Featured photo: The geoEpi team attending CGA 2023. Back row from left: PD Dr. med. Thomas Jaenisch, Assoz. Prof. Dr. Bernd Resch, Dorian Arifi and Steffen Knoblauch. Front row from left: Dr. rer. nat. Ivonne Morales Benavides, Apl. Prof. Dr. Sven Lautenbach, and Dr. Yannik Roell.
Ever since Dr. John Snow’s 1854 tracing of a widespread London cholera outbreak to a single water source, the Broad Street Pump, the connection between geography and public health has grown increasingly clear. Since then, mapping and geospatial analysis have become vital tools in the effort to identify and address the spread and prevention of disease.
At the end of March, geoEpi’s participation in the 2023 CGA Conference “From Geospatial Research to Health Solutions” highlighted this invaluable research overlap and presented promising avenues for future collaboration.

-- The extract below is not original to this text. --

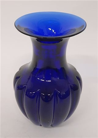 Vaso in vetro massello costolato blu. Murano, anni '70. Firmato a punta sotto la base. (h cm 22) (lievi difetti)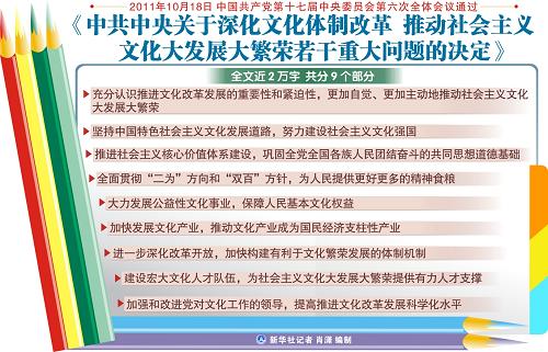 2011年4月,中央政治局常委会会议、中央政治局会议讨论决定:党的十七届六中全会重点研究深化文化体制改革、推动社会主义文化大发展大繁荣问题。

The geoEpi research project is composed of scientists from the Geoinformatics Research Group (GIScience) at the University of Heidelberg Institute of Geography as well as partners at the Heidelberg Institute for Geoinformation Technology (HeiGIT), the Heidelberg University Hospital, and the University of Salzburg Department of Geoinformatics. The project leverages crowd-sourced and occurrence data to improve early disease detection systems for research into the spatio-temporal epidemiology of emerging viruses.
On March 20th and 21st, the research team joined experts in the fields of health geography, medicine, public and environmental health, and epidemiology at Harvard University’s Center for Geographic Analysis in order to identify public health needs and explore current and future applications of GIS technologies for all sorts of disease priorities. On the first day, the team attended panels and presentations in order to generate collaboration opportunities and gain the varied perspectives of other multi-disciplinary researchers.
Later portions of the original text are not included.